Material provided |
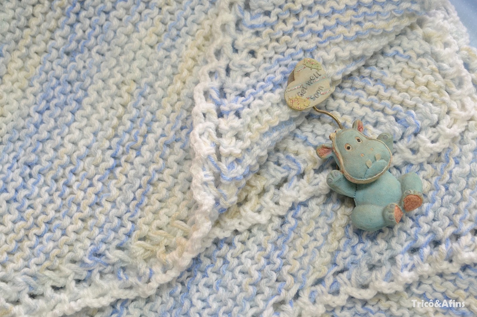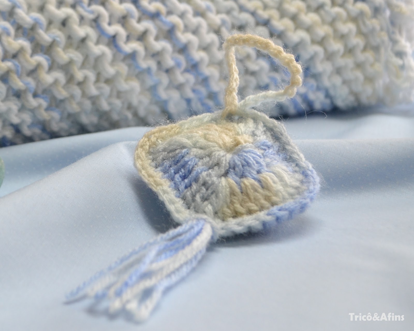 Cor suave para trazer sossego e paz a um pequeninho que acabou de chegar a esse mundo. Cada pontinho foi tecido com uma energia muito boa dentro do coração. Espero que toda a felicidade acompanhe a trajetória do bebê e sua família. Até musiquinha eu cantarolei enquanto tricotava...
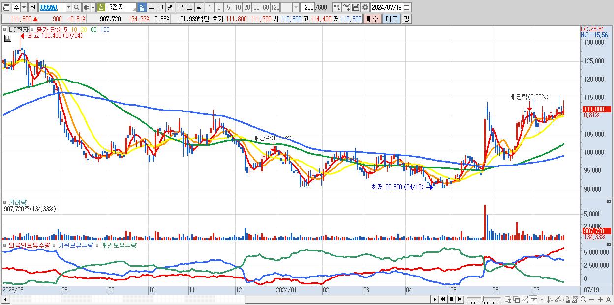 - LG전자 (111,800원 ▲ 0.81% , 시총: 182,958억, 거래량: 907,720, 거래대금:1,019억)
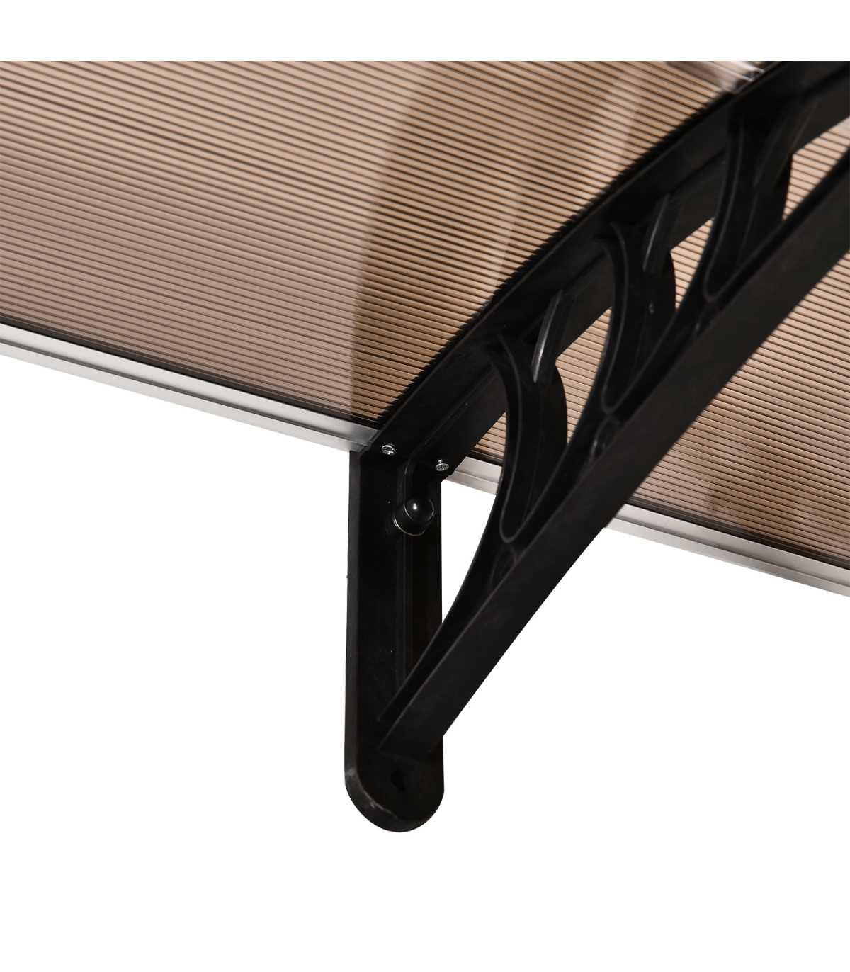 Rigid plastic bracket frame, with aluminium bars connecting the two bracket ends together, ensures the awning is sturdy and strong

Activity | Since the listing holds pictures, return everything else in it exactly and omit those.

Answer for the task |
 Cor suave para trazer sossego e paz a um pequeninho que acabou de chegar a esse mundo. Cada pontinho foi tecido com uma energia muito boa dentro do coração. Espero que toda a felicidade acompanhe a trajetória do bebê e sua família. Até musiquinha eu cantarolei enquanto tricotava...
 - LG전자 (111,800원 ▲ 0.81% , 시총: 182,958억, 거래량: 907,720, 거래대금:1,019억)
 Rigid plastic bracket frame, with aluminium bars connecting the two bracket ends together, ensures the awning is sturdy and strong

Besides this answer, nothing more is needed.